What makes a difficult task unpleasant is not knowing, at some or most points, what should be done, or not being sure of the results of one’s effort.

Being as I’m neck deep in editing a novel, I thought a post about the editing process for novelists a good topic to address.


I like editing fiction.

There, I said it. I used to hate it, just like you.

What changed?

I learned how.

We all think of editing as a part of writing and it is, in essence.

What Editing is Not

In another, more accurate sense, though, it’s also an entirely different task. It’s another profession. Just like writing, editing is an effort and a very difficult one.
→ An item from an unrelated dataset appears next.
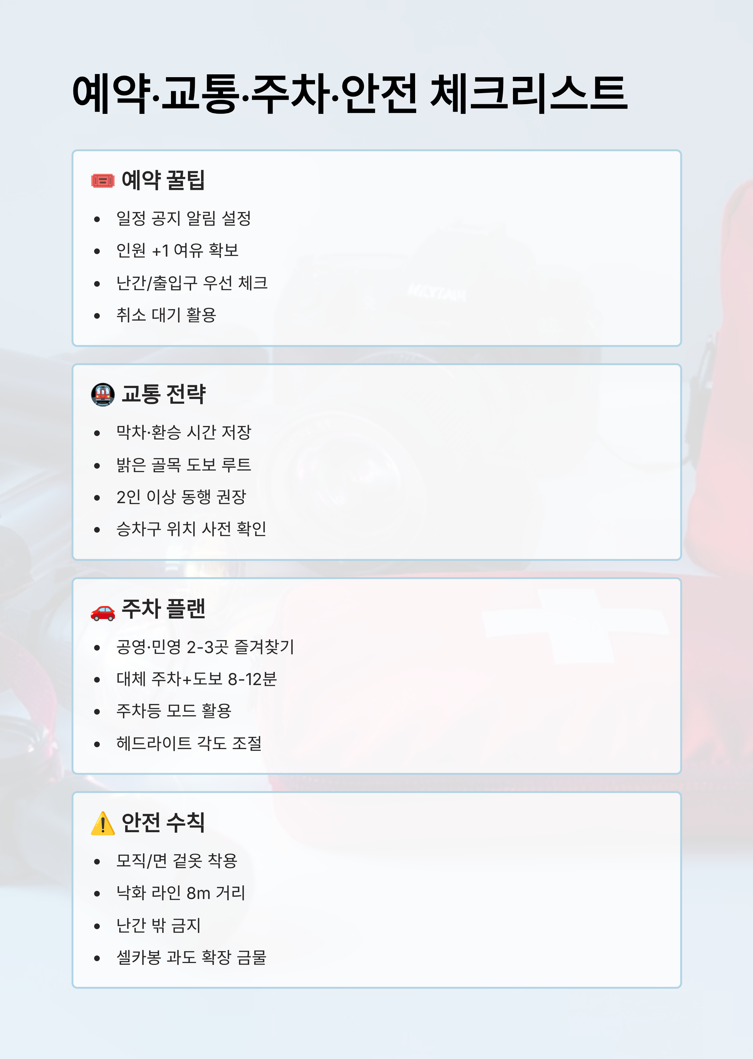 🎟️ 지금 바로 할 일: (1) 일정 알림 등록 (2) 명당 3곳 지도 저장 (3) 미니 LED·보조배터리 챙기기 (4) 동행과 포즈 3종 합의. 이 4가지만 해도 인생샷 확률이 확 올라가요!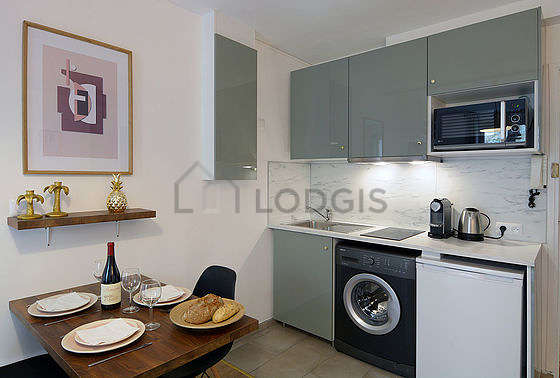 Questo appartamento dispone di una cucina adiacent al soggiorno con del piastrelle al suolo e tutto l'equipaggiamento indispensabile per la vita quotidiana : piani di cottura, frigorifero, forno microonde, bollitore elettrico, caffettiera, armadio, stoviglie.

Editing should be taken on as a separate task after one has something to edit. After the first draft is done, in other words. I’m sure you’ve heard the advice to avoid editing while you’re getting the story down. Follow this advice consistently.

It’s perfectly possible to enjoy a difficult task, provided one is skilled enough at it. The satisfaction of performing the task skillfully, being proud of the result, make the job pleasurable.
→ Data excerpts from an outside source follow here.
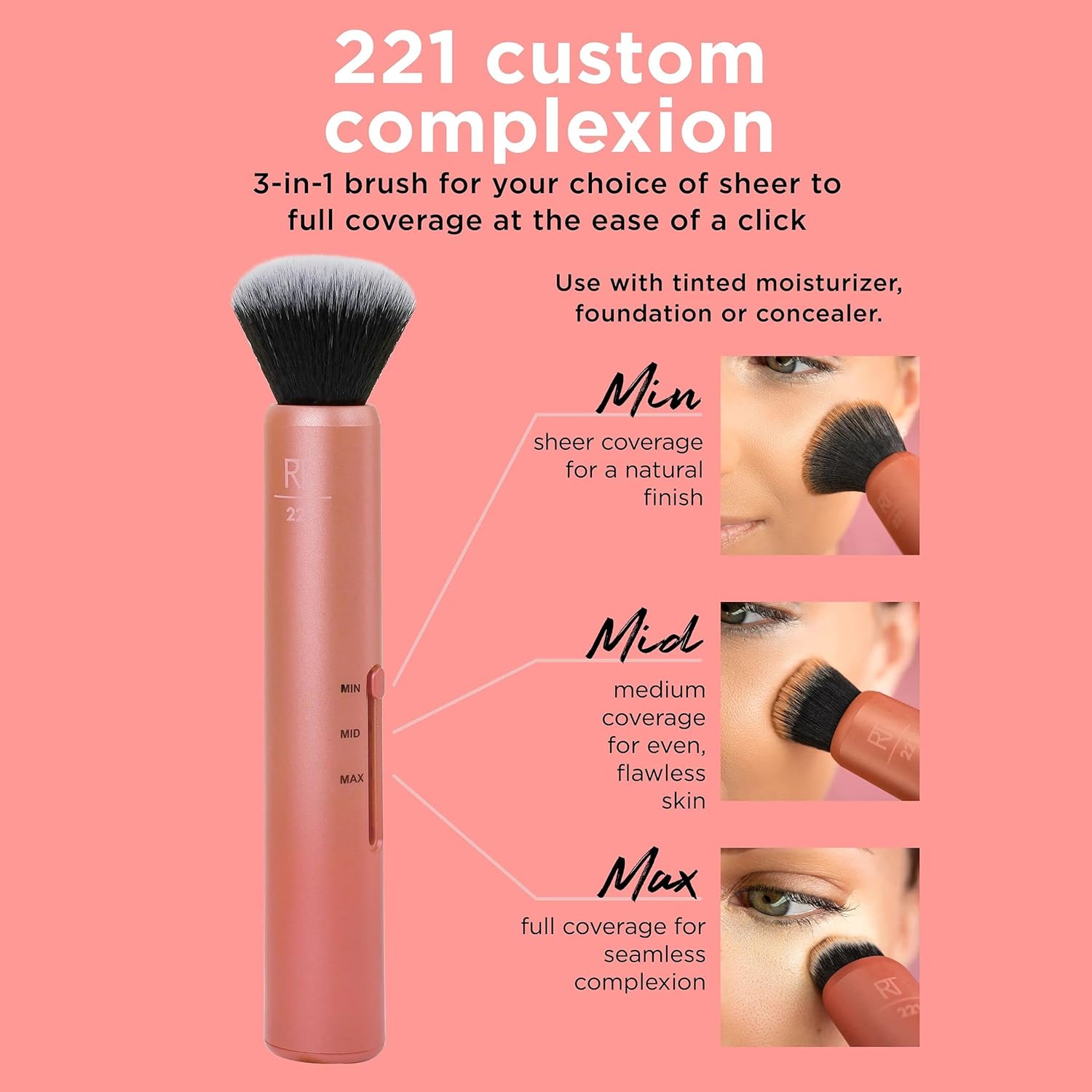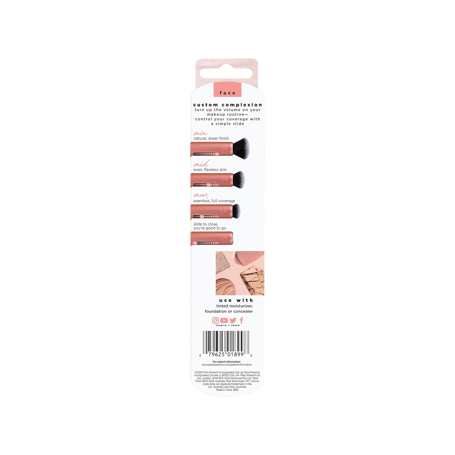 Real Techniques Custom Complexion Foundation 3-in-1 Brush, Custom Slide For Foundation & Concealer, 3 Settings For Sheer, Medium, or Focused Application, Travel-Size Kabuki, Cruelty-Free, 1 Count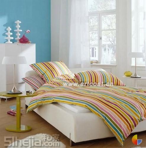 卧室作为整个居室的一部分,需要遵循居室的整体风格,像这样,白色为基调,搭配上漂亮的彩虹色条纹,很抢眼。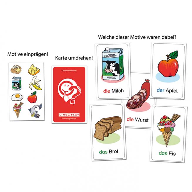 Nun sehen sie sich ihre eigenen Bildkarten mit Einzelmotiven an und vergleichen diese Einzelmotive mit denen, die sie anfangs auf der offenen liegenden Karte gesehen haben. War dieses Einzelmotiv auch auf der Objektkarte abgebildet? Dann muss dieses Motiv mit seinem Artikel benannt und die entsprechende Bildkarte abgelegt werden.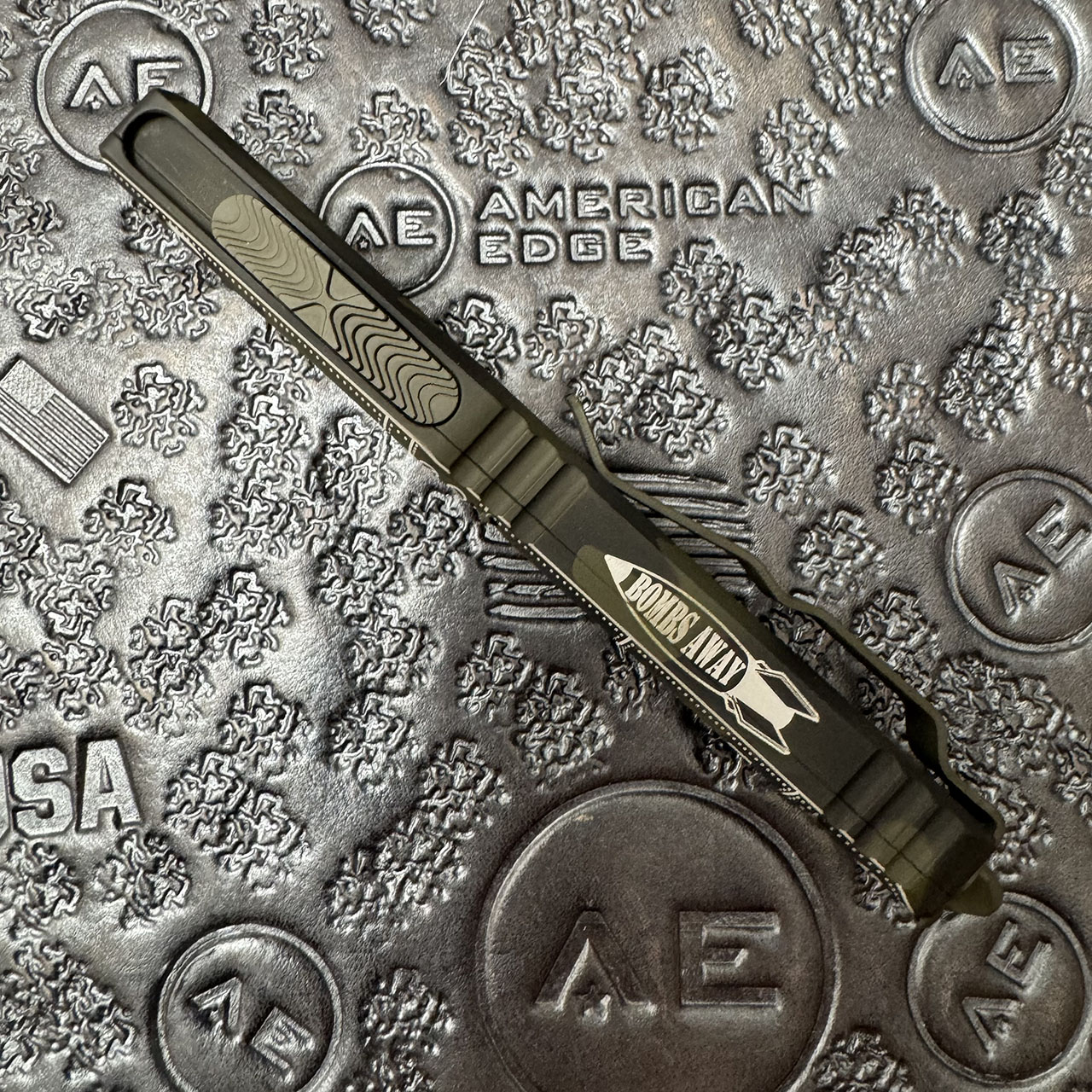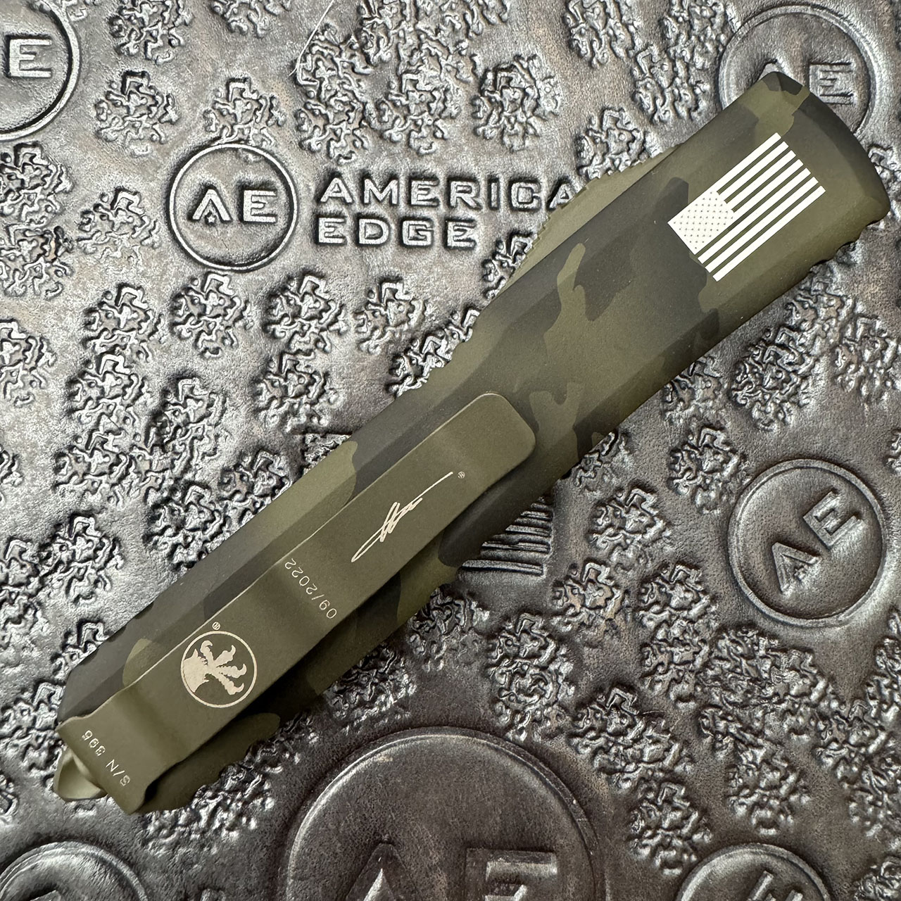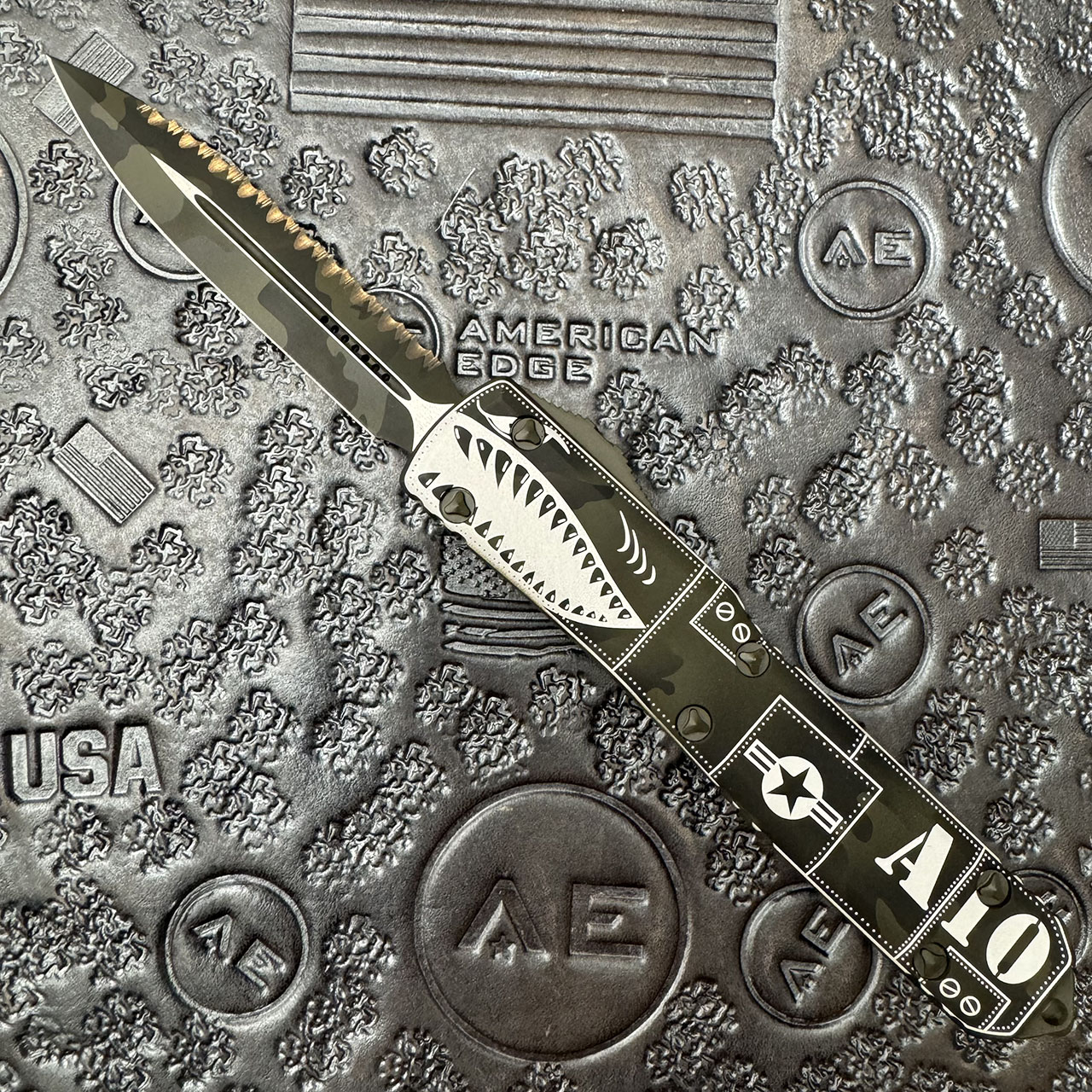 Microtech Ultratech D/E A-10 Engraved Olive Camo Cerakote Handle Olive Camo Cerakote Full Serrated Blade Signature Series AE Custom Shop 122-3OCSA10

What makes a difficult task unpleasant is not knowing, at some or most points, what should be done, or not being sure of the results of one’s effort.
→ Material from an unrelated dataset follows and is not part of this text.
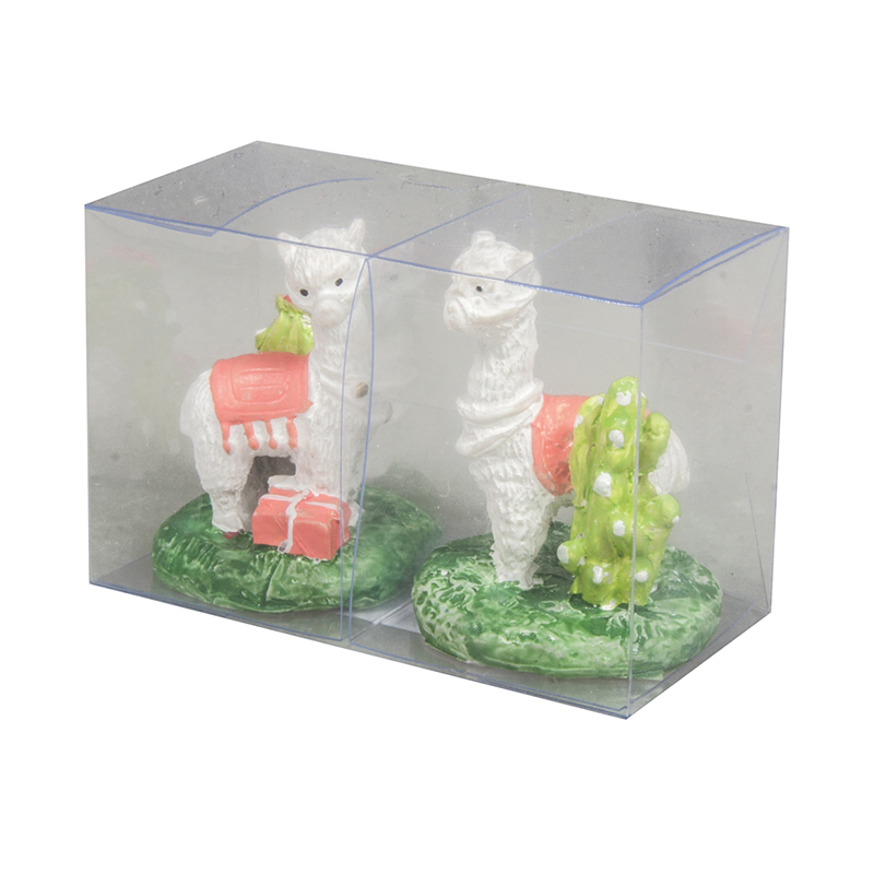 Белая лама с оранжевым седлом поставляется в коробке из ПВХ.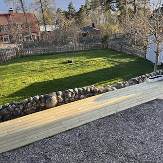 20 fliser a 60 x 30 cm og 9 mm tykke • 4,63 m² profilbrædder med fer og not • 20 m 125 x 19 mm brædder • 4,5 x 60 og 4,5 x 80 mm skruer • Vask • Slange • Oliegrunder • Heldækkende maling

To the extent that we’re fumbling around, writing is not pleasant.

The same is true of editing.

What Editing Shares with Writing

At some point while learning to write, the disparate learning, bits of skill, and sage advice coalesce with our own native talent and suddenly, we know what to do when we write.

The task becomes no easier (in fact, it will become harder and harder), but the incentive: a story that one is proud to own, makes it pleasant in the way that a killer workout is pleasant in what it does for our health and appearance.

Not much can be said to help the prospective writer reach this level other than to write a lot and read a lot. The process is so dependent on the individual that there are few general rules of thumb.

What Makes Editing Different from Writing

Editing is another story. There are set rules for doing it that are almost universally applicable. Most of these rules center around the relative soundness of a story’s structure, from chapter order and content, all the way down to word choice.

Spelling is standardized. There are well-established rules of grammar and syntax.

Narrative itself has an agreed-upon structure:

  1. Describe setting
  2. Name characters present
  3. Present action (almost always in time order)

There are also mostly agreed upon rules for good writing that the editor needs to correct (or at least point out for the writer to fix).

Rules such as:

  1. Minimize the use of the passive voice.
  2. Minimize the use of modifiers (no more than two adjectives per noun; no adverbs at all, if possible).
  3. Place the subject and the verb as close together as possible in a sentence.
  4. The most important words in a sentence should be at the beginning or (less preferably) the end.
  5. Avoid cliché.

There are more. They can all be found in multiple places online. I found About Writing, by Samuel R. Delany to be especially time saving in getting a thorough ground in the fundamentals.